DATA PROVIDED Block Start
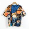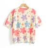 Dámské ležérní pletené topy do O s krátkým rukávem jarní pletené svetry s květinovým potiskem dámské prodyšné triko
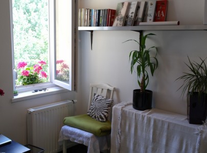 A lakás ablakai gyönyörű ősfás parkra tekintenek, amely mentes a forgalomtól. Keleti tájolásnak köszönhetően kora délutánig közvetlenül beáramlik a napfény, de a lakás egész nap világos és vidám hangulatú. Valamint nagyon csendes!
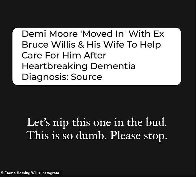 Сопругата на холивудскиот актер Брус Вилис, Ема Хеминг, ги демантира шпекулациите дека неговата поранешна сопруга Деми Мур се преселила кај нив за да помогне во грижата за актерот по дијагностицирањето деменција.
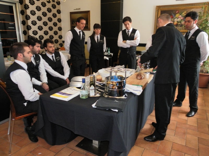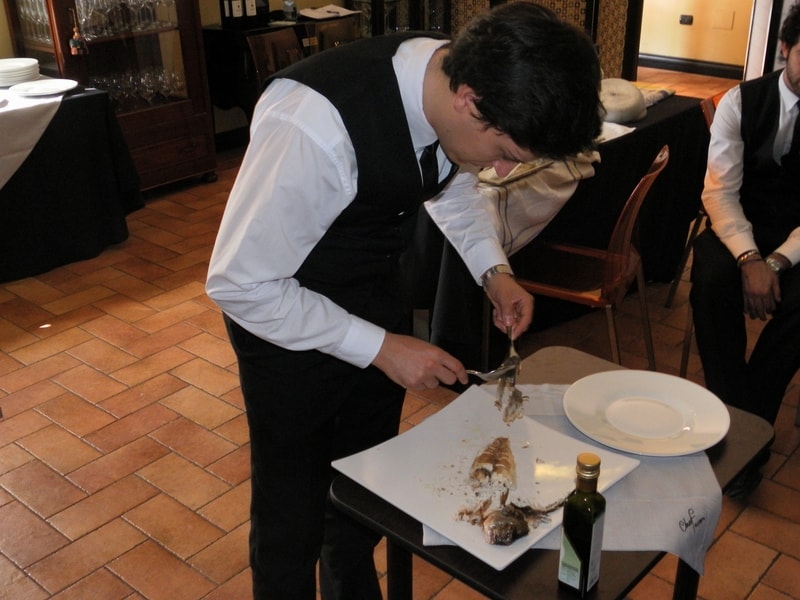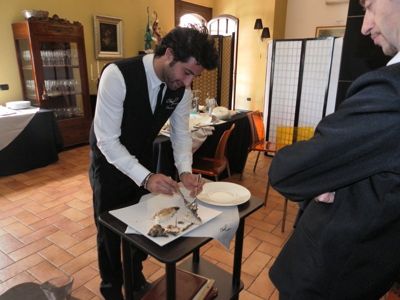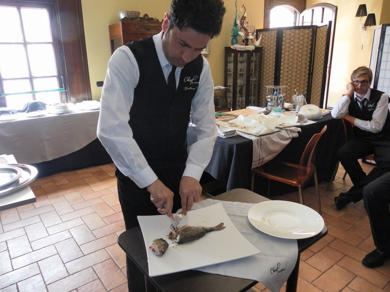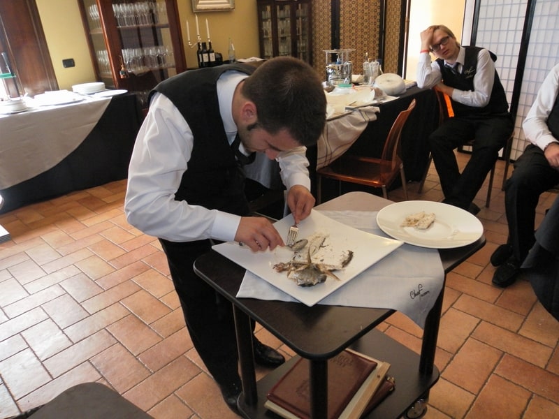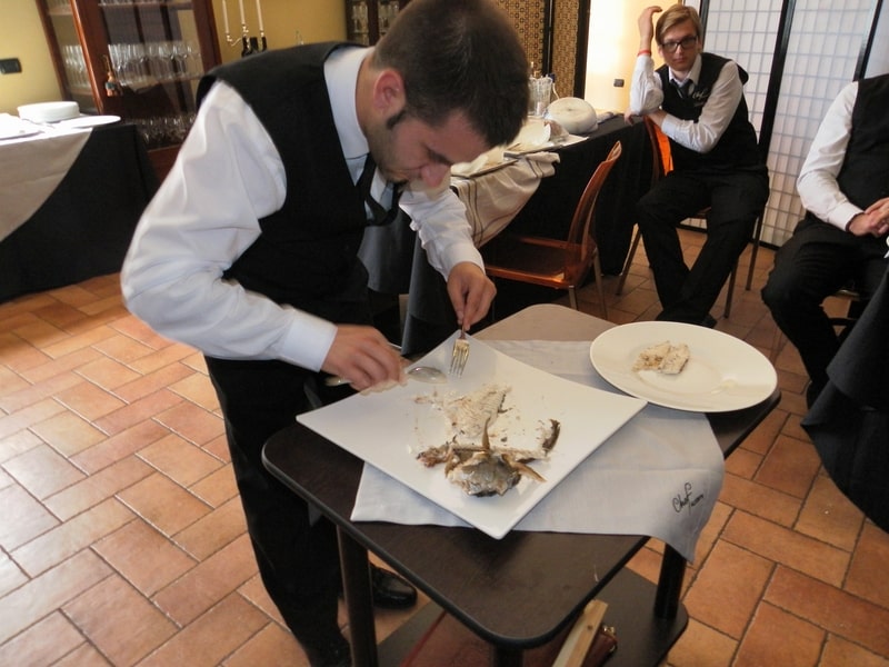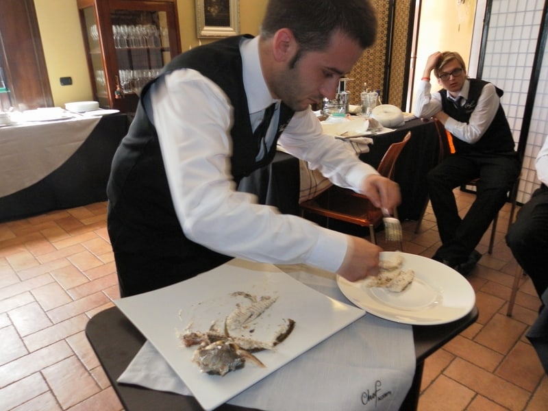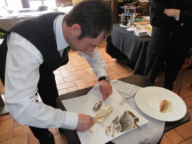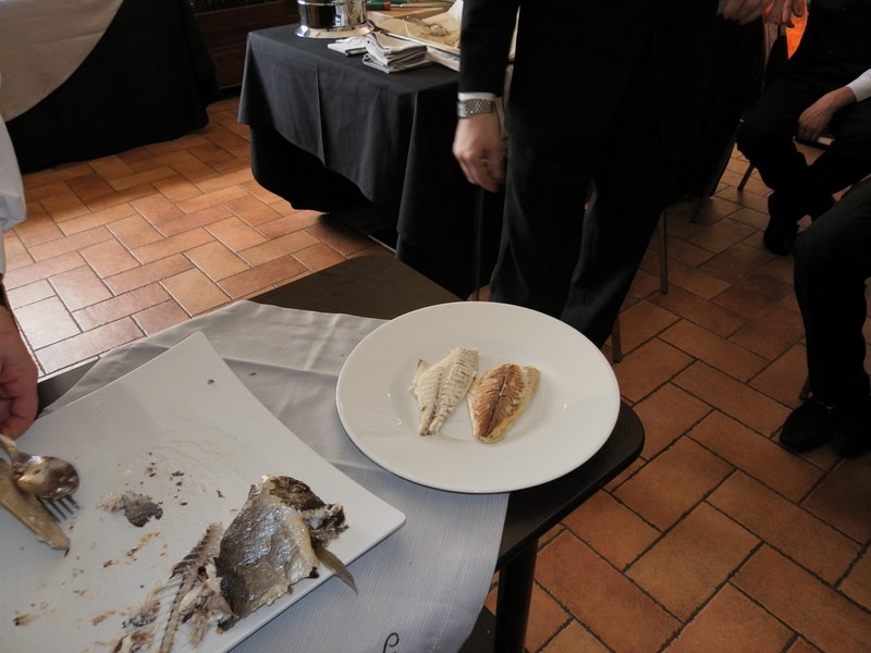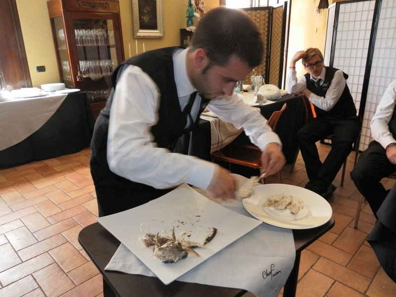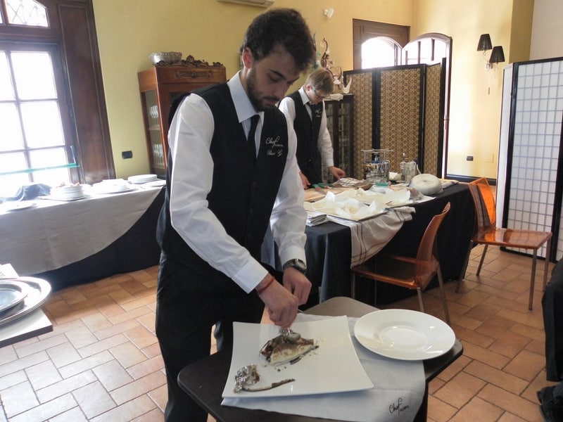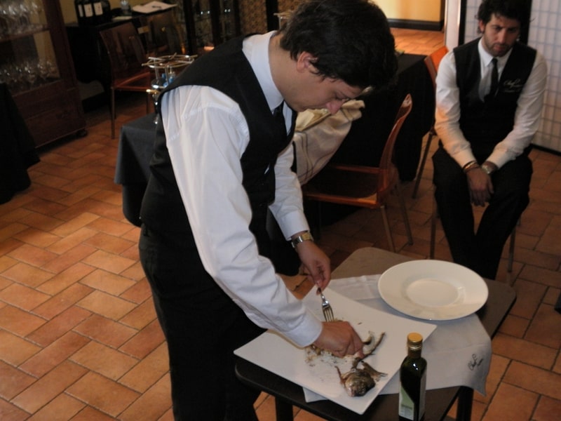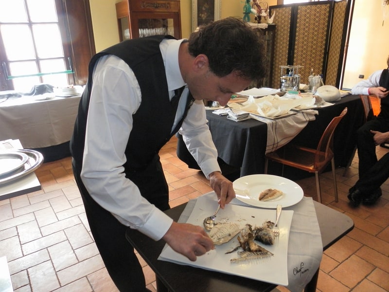 Prova di porzionatura pesce e carne degli allievi del corso ‘Addetto qualificato al servizio in sala’ guidata dal Maître Francesco Ambrogi.
DATA PROVIDED Block End
Before you return the listing, strip out its pictures; all else must match exactly.

 Dámské ležérní pletené topy do O s krátkým rukávem jarní pletené svetry s květinovým potiskem dámské prodyšné triko
 A lakás ablakai gyönyörű ősfás parkra tekintenek, amely mentes a forgalomtól. Keleti tájolásnak köszönhetően kora délutánig közvetlenül beáramlik a napfény, de a lakás egész nap világos és vidám hangulatú. Valamint nagyon csendes!
 Сопругата на холивудскиот актер Брус Вилис, Ема Хеминг, ги демантира шпекулациите дека неговата поранешна сопруга Деми Мур се преселила кај нив за да помогне во грижата за актерот по дијагностицирањето деменција.
 Prova di porzionatura pesce e carne degli allievi del corso ‘Addetto qualificato al servizio in sala’ guidata dal Maître Francesco Ambrogi.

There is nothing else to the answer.